Khái niệm cốt lõi
Active learning techniques in text classification are influenced by various factors, making them effective only in specific circumstances.
Tóm tắt
In this empirical study, the authors evaluate active learning (AL) techniques for text classification over around 1000 experiments. They find that AL is effective only in certain situations due to the influence of factors like text representation and classifier choice. The study emphasizes the importance of considering metrics aligned with real-world expectations when assessing AL techniques.
1. Introduction
Active Learning (AL) aims to optimize labeling budgets.
AL techniques vary across datasets and classifiers.
Choice of text representation and classifier impacts AL effectiveness.
2. Previous Work
AL has seen contributions but faces challenges.
NLP domain poses additional challenges due to varied text representations.
3. Batch Active Learning - Overview
Pseudo-code provided for batch AL setting.

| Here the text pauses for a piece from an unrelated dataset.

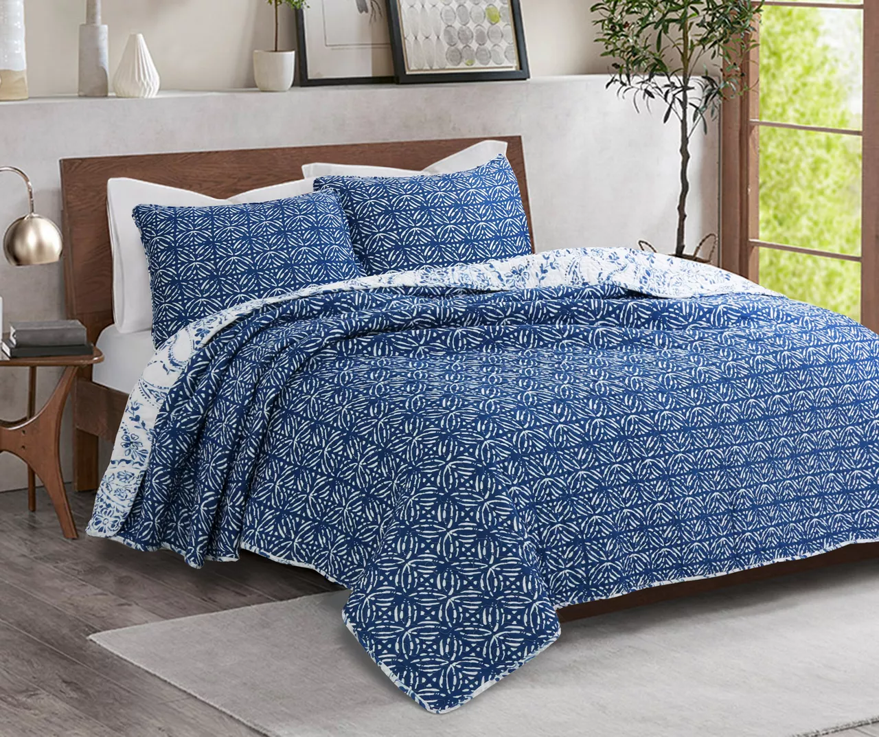 An elegant floral and paisley print in deep blue and crisp white hues brings a touch of garden elegance to your sleep space, while the breathable cotton construction keeps you cozy and comfy through the night. The quilt reverses to a floral grid contrast pattern so you can switch up your bedroom style on a whim.
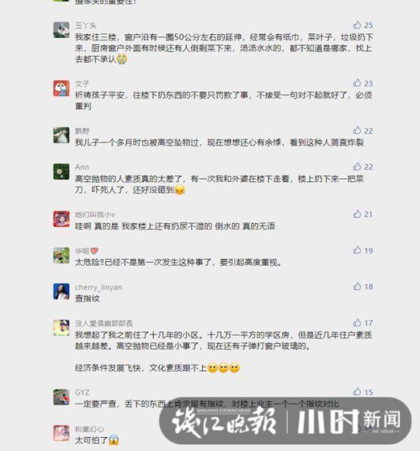 “真的吓死了,我听到有东西掉下来砸到树的声音,然后就砸到我家孩子头上了,孩子哇哇大哭,我看到地上有两个小金属罐,也不知道是做什么用的,警察现在也在查。还好孩子没事……高空抛物真的太危险了!”孩子奶奶说。

Model selection and calibration are crucial steps.
4. Comparison Methodology
Experiments vary classifiers, representations, batch sizes, seed sizes, and query strategies.

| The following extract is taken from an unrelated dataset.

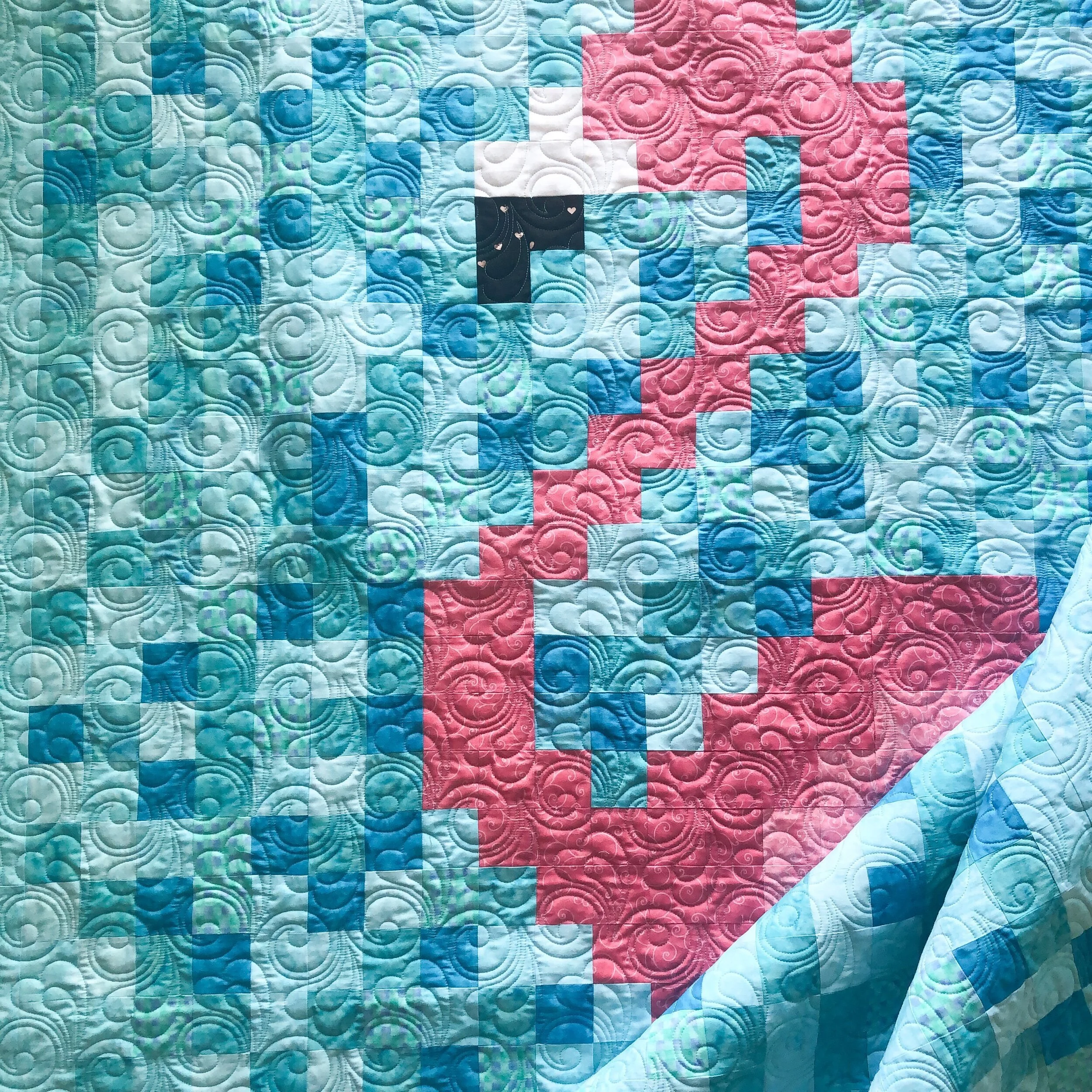 We decided on Cupid, one of Patricia Ritter and my quilting designs for the quilting. It’s available at Urban Elementz. I think it turned out cute!! I love how the swirls and heart like feather soften the overall look of the quilt.

Detailed breakdown of prediction pipelines and query strategies used.
5. Reproducibility Experiments (Appendix)
Replication experiments conducted for CAL, REAL, DAL methods.
Results compared with reported findings from original papers.
Thống kê
In cases where labelling is expensive, using AL is cost-efficient compared to random sampling because the model reaches greater accuracy with a smaller number of labelled instances.
Trích dẫn
"We show that AL is only effective in a narrow set of circumstances."